Manchin Opposes IRS Bank Reporting Plan, Complicating Biden Funding
(Bloomberg) -- Senator Joe Manchin said he opposes requiring banks to report deposits and withdrawals of some accounts to the Internal Revenue Service to help find tax cheats, complicating Democrats’ efforts to pay for President Joe Biden’s economic agenda.
“No one should be in anyone’s bank account,” the West Virginia Democrat told reporters Tuesday.
Democrats have been looking to the bank reporting proposal to raise hundreds of billions of dollars to offset much of the cost of a nearly $2 trillion social spending bill. Senator Kyrsten Sinema, another crucial swing vote on the package, opposes increases to tax rates, forcing Democrats to scrounge for alternatives. Manchin’s opposition to the bank reporting requirement makes that effort even more difficult.
The bank reporting proposal is one of the most controversial revenue ideas under consideration. The plan would require banks to report aggregate inflows and outflows to accounts that exceed $10,000. Democrats had made some changes to the proposal in recent weeks, such as excluding payroll deposits, to narrow the scope of the accounts that would be reported.
Manchin, whose vote is pivotal in the evenly divided Senate, said Tuesday morning that he told Biden he disapproved of the idea. Democrats need 50 votes to push the tax and spending package through the Senate.
“I said, ‘Mr. President I don’t know what happened. This cannot happen. It’s screwed up.’” Manchin said in an interview with Bloomberg Television’s David Rubenstein at the Economic Club of Washington, D.C. ‘I think that one is going to be gone.”
Senate Finance Chair Ron Wyden, who is drafting the proposal, said he has heard some concerns from colleagues.
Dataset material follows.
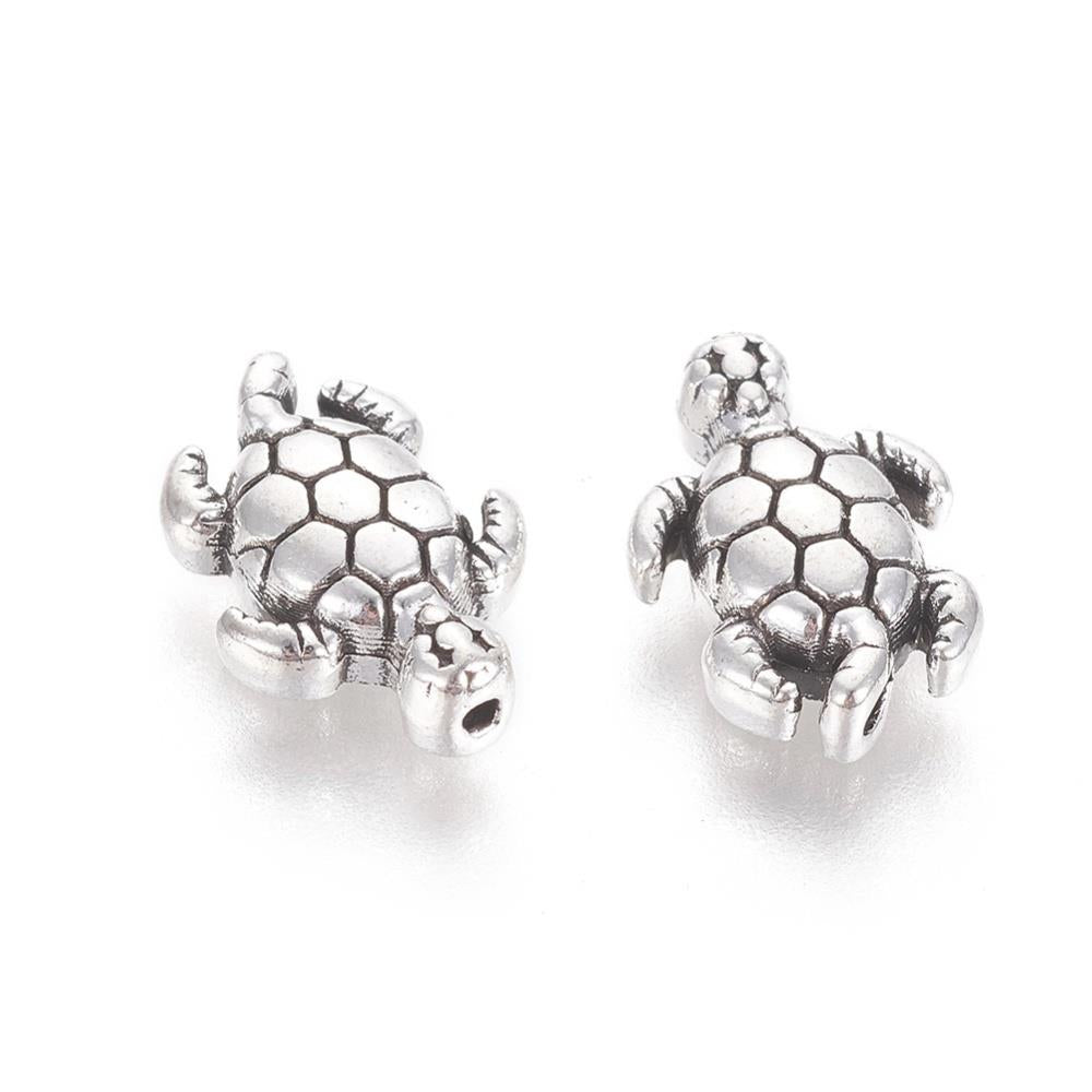 Description: Perle de tortue en argent antique avec trou vertical. L'article mesure 9 mm de large x 13 mm de long x 4 mm d'épaisseur avec un trou de 1 mm. Métal en alliage de zinc. Sans plomb, sans nickel, sans cadmium.

House Ways and Means Chairman Richard Neal said Democrats should listen to Manchin’s concerns and address them so they can win his vote on the overall package.
The Treasury Department has said the bank reporting proposal could raise as much as $460 billion, though other estimates have projected significantly less revenue.
Wyden said he plans to release a plan Wednesday that would tax the unrealized gains of billionaires, as an alternative to raising income rates. That idea is facing resistance from several House Democrats. Democrats are looking at other options including a stock buyback tax and a corporate minimum tax to win Sinema’s support.
House leaders say they could vote on a bill as soon as this week, however, that is increasingly unlikely as lawmakers continue debating the bill’s details.